ROUND 1: 23,823 alphabetically sorted items (2,111KB)
| Tree creation time | Search time | DArray conversion | Tree Deletion | |
| Tosser II (Steven Noonan) | 00.080717s | 00.000003s | 00.006409s | 00.006919s |
| Tosser II (Alastair Lynn) | 00.110927s | 00.000010s | 00.472471s | 00.441879s |
| Tosser (Chris Delay) | 11.675687s | 00.002066s | 01.830826s | 01.837730s |
ROUND 2: 120,420 alphabetically sorted items (10,272KB)
NOTE: The failure noted in this table is a call stack overflow.
Chris' BTree recursively does things, rather than using one call to deal with the action.
While this may be a working method for small datasets, it clearly is not substantial
here.
| Tree creation time | Search time | DArray conversion | Tree Deletion | |
| Tosser II (Steven) | 00.415105s | 00.000011s | 00.027074s | 00.035057s |
| Tosser II (Alastair) | 00.556005s | 00.000013s | 09.538365s | 09.418940s |
| Tosser I (Chris) | *FAILED* | *FAILED* | *FAILED* | *FAILED* |
ROUND 3: 23,823 unsorted items (2,111KB)
| Tree creation time | Search time | DArray conversion | Tree Deletion | |
| Tosser II (Steven) | 00.090151s | 00.000003s | 00.007964s | 00.008738s |
| Tosser II (Alastair) | 00.117588s | 00.000010s | 00.472753s | 00.441949s |
| Tosser I (Chris) | 00.195050s | 00.000003s | 01.862227s | 01.862373s |
ROUND 4: 120,420 unsorted items (10,272KB)

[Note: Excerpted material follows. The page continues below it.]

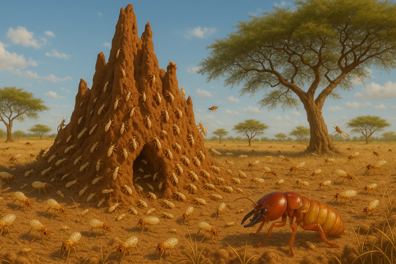 Что такое термиты?Когда мы слышим слово «термиты», перед глазами возникает образ насекомых, разрушающих деревянные дома и прогрызающих балки. Эти крошечные существа, похожие на муравьёв, стали настоящим символом разрушения и настойчивости. Но так ли они опасны, как их рисуют? Кто они на самом деле? И что делает термитов одними из самых загадочных и удивительных существ на нашей планете? Термиты — это больше, чем просто вредители. Это древнейшие мастера архитектуры, создатели сложных обществ с чёткой иерархией, беспощадные солдаты и заботливые кормилицы. Они строят крепости, поддерживают идеальный климат внутри гнезда, обмениваются пищей и даже выращивают грибы. Эти невидимые труженики живут под нашими ногами, в древесине, в почве — и почти всегда остаются вне поля зрения. В этой статье мы подробно разберём, что такое термиты, как они устроены, где живут, как строят свои жилища и почему без них экосистемы не были бы такими, какими мы их знаем. Кто такие термиты?Термиты — это общественные насекомые, образующие колонии с чётким разделением труда. Они относятся к отряду Blattodea, то есть биологически ближе к тараканам, чем к муравьям, с которыми их часто путают. В прошлом их выделяли в отдельный отряд Isoptera, но современные генетические исследования показали их родство с древесными тараканами. На сегодняшний день известно более 3000 видов термитов, обитающих в основном в тропиках и субтропиках, хотя некоторые встречаются и в умеренном климате. Особенно многочисленны они в Африке, Австралии, Южной Америке и Юго-Восточной Азии. Внешность и строениеТело термита состоит из головы, груди и брюшка, как у большинства насекомых. Оно мягкое, часто бледного цвета — белого или кремового. У некоторых каст есть мощные жвала, у других — крылья. Но в целом внешний вид термита сильно зависит от роли, которую он выполняет в колонии. Основные касты термитов:

NOTE: Tosser v1.x takes a significant amount of time to convert
to a DArray in preparation for deletion. The red-black tree is
much faster at deletion because it has no need to convert to a
DArray.
| Tree creation time | Search time | DArray conversion | Tree Deletion | |
| Tosser II (Steven) | 00.494684s | 00.000007s | 00.038732s | 00.051472s |
| Tosser II (Alastair) | 00.639059s | 00.000013s | 09.297594s | 09.261480s |
| Tosser I (Chris) | 00.595013s | 00.000011s | 44.762491s | 44.698571s |
In every case, the red-black tree either wins or (in one case) ties with the binary search tree. It's also notable that the BTree class failed when trying round 2. In all 4 rounds, the red-black tree shows to be the best implementation.
The main reason the red-black tree does so well with presorted data is because the red-black tree maintains the balance of all the nodes. When you have an unbalanced tree, it takes (at worst) O(n) time to find the result. In a red-black tree, it always takes (at worst) O(log n) time to find the result. I will now explain this.
B-trees are almost always fast with randomly-ordered data. Below is a diagram
of a well-balanced binary search tree. In such a case, in order to get to the
worst-case node 'a', which is furthest from the root node 'e', it takes three
hops to reach the desired node. Note that there are eight items in this tree.
Below, a very unbalanced binary search tree, which has to go through the
nodes in order (as if it were a linked list) to find the worst-case requested
data (which would be node 'e' for this diagram). It takes four hops to get to
node 'e', even though there are only five items in the list. The best balance
for this tree would be to have node 'c' as the root node, whereas it would take
only two hops to get to the worst-case nodes of 'a' or 'e'.
When you add data in an order, the normal B-tree becomes horribly unbalanced. This is referred to as a degenerate tree. Since red-black trees maintain a balance, there is not as much node-hopping to locate the specified data.